# Merging Labeled Data Back into Data Frame 🐙

In [1]:
import pandas as pd
import numpy as np

## Reading Original Data

In [2]:
original_df = pd.read_csv("data/cleaned-non-quantifier-data.csv")

In [3]:
original_df.head()

Unnamed: 0,To,From,Reason for dishing,Server,Date,Room,v1 norm,v2 norm,v3 norm,Avg %,...,v3,period,Cred per Praise,Cred per person,To.1,Room-NoEmoji,Source,Year,Month,Day
0,zeptimusQ,Tam2140,for hosting this kicking params party!,Token Engineering Commons,2021-05-07,🙏praise,10000.0,100.0,200.0,0.001963,...,Edu,#17 May 7,,,,praise,Token Engineering Commons:praise,2021,5,7
1,zeptimusQ,iviangita,for hosting and leading a lot of params parties,Token Engineering Commons,2021-05-07,🙏praise,10000.0,100.0,100.0,0.001663,...,Edu,#17 May 7,,,,praise,Token Engineering Commons:praise,2021,5,7
2,zeptimusQ,JuankBell,for testing and deploying the bot to record an...,Token Engineering Commons,2021-04-28,🙏praise,1000.0,200.0,200.0,0.001342,...,Edu,#17 May 7,,,,praise,Token Engineering Commons:praise,2021,4,28
3,zeptimusQ,iviangita,for the huge success of the MVV process,Token Engineering Commons,2021-04-30,🙏praise,1000.0,200.0,100.0,0.001043,...,Edu,#17 May 7,,,,praise,Token Engineering Commons:praise,2021,4,30
4,zeptimusQ,iviangita,"for his awesome work on the recorder bot, for ...",Token Engineering Commons,2021-04-30,🙏praise,1000.0,200.0,100.0,0.001043,...,Edu,#17 May 7,,,,praise,Token Engineering Commons:praise,2021,4,30


## Processing Labeled Data: Taking from Our Initial Labs Session

In [4]:
first_labeled_df = pd.read_csv('data/sample_praise.csv')
first_labeled_df.head()

Unnamed: 0,Category Code,QUESTIONS,Unnamed: 2,To,From,Reason for dishing,Server,Date,Room,v1 norm,...,period,Cred per Praise,Cred per person,To.1,Room-NoEmoji,Source,Year,Month,Day,Unnamed: 28
0,TEC15,,6077,liviade,cranders71,always caring for our finicky bot and valued c...,Telegram,2021-01-13,TE Praise,30.0,...,#9 Jan 15,,,,TE Praise,Telegram:TE Praise,2021,1,13,
1,TEC12,,421,chuygarcia92,Tam2140,for the Masana Temples recommendation. Nice mi...,Token Engineering Commons,2021-04-30,🙏praise,1000.0,...,#17 May 7,,,,praise,Token Engineering Commons:praise,2021,4,30,
2,TEC12,,70,iviangita,iviangita,for joining the Legal weekly sync,Token Engineering Commons,2021-04-30,🙏praise,1000.0,...,#17 May 7,,,,praise,Token Engineering Commons:praise,2021,4,30,
3,TEC12,,7141,ygganderson,JessicaZartler,"their presence, energy and smiles in the Comms...",Telegram,2020-11-24,TE Praise,20.0,...,#6 Dec 4,1.005.185.129,4.404.111.808,,TE Praise,Telegram:TE Praise,2020,11,24,
4,TEC12,,5293,metaverde,iviangita,mentioning or retweeting TE Commons on the soc...,Telegram,2021-01-22,TE Commons,,...,#10 Jan 29,,,,TE Commons,Telegram:TE Commons,2021,1,22,


In [5]:
first_labeled_df["Original Index"] = first_labeled_df["Unnamed: 2"]
first_labeled_df.set_index("Original Index", inplace = True)
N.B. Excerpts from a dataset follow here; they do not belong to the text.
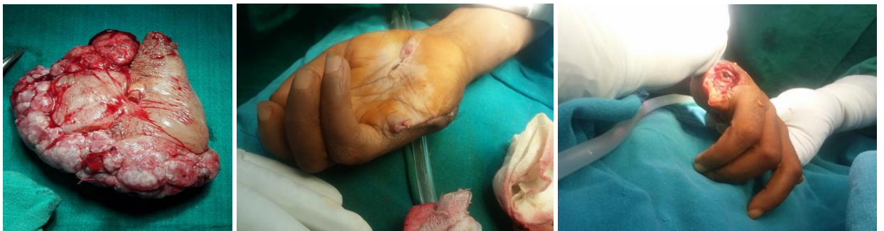
Fig. 6: Excised fungating mass along with right little finger from right hand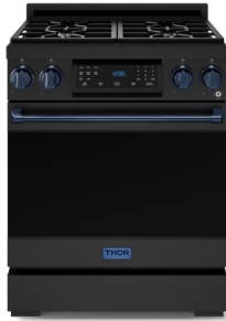
BLUE RSG30B-BLU / RSG30BLP-BLU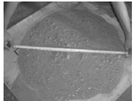
(b). Measuring slump flow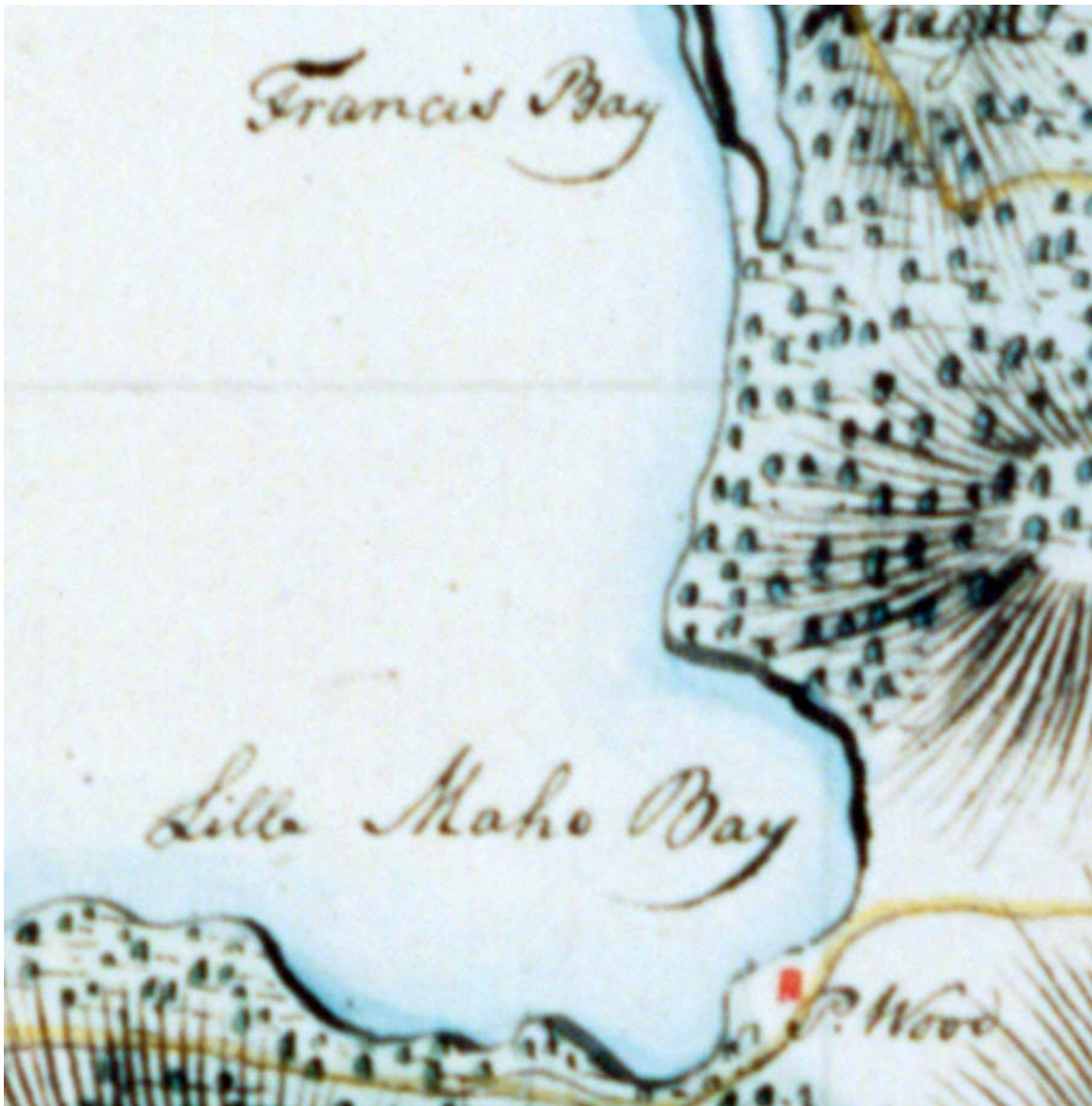
Figure 2. Oxholm's 1780 map depicting the Maho Estate

Oxholm's 1800 map of the island does not record an owner or plantation name. The historic structure that is on the edge of the road at the eastern end of the bay, just across the street from the proposed parking area appears in both of Oxholm's 1780 and 1800 maps of the island.

## Filter Only Down to Data That Actually Got Labeled

In [6]:
first_labeled_df = first_labeled_df[~(first_labeled_df["Category Code"].isna())]
first_labeled_df = first_labeled_df[["Category Code", "QUESTIONS"]]

In [7]:
first_labeled_df.head()

Unnamed: 0_level_0,Category Code,QUESTIONS
Original Index,Unnamed: 1_level_1,Unnamed: 2_level_1
6077,TEC15,
421,TEC12,
70,TEC12,
7141,TEC12,
5293,TEC12,


## Processing Labeled Data: Read the Data from Our Crowdsourced Google Sheet 

In [8]:
tagged_by_info = pd.read_excel('data/Praise to Label.xlsx', sheet_name='tagged-by',engine='openpyxl', usecols="A:D")

## It appears some of the labelings got off, so we can't use them. If we ever do this again, we'll do a midway check/scrape to give feedback to labelers. 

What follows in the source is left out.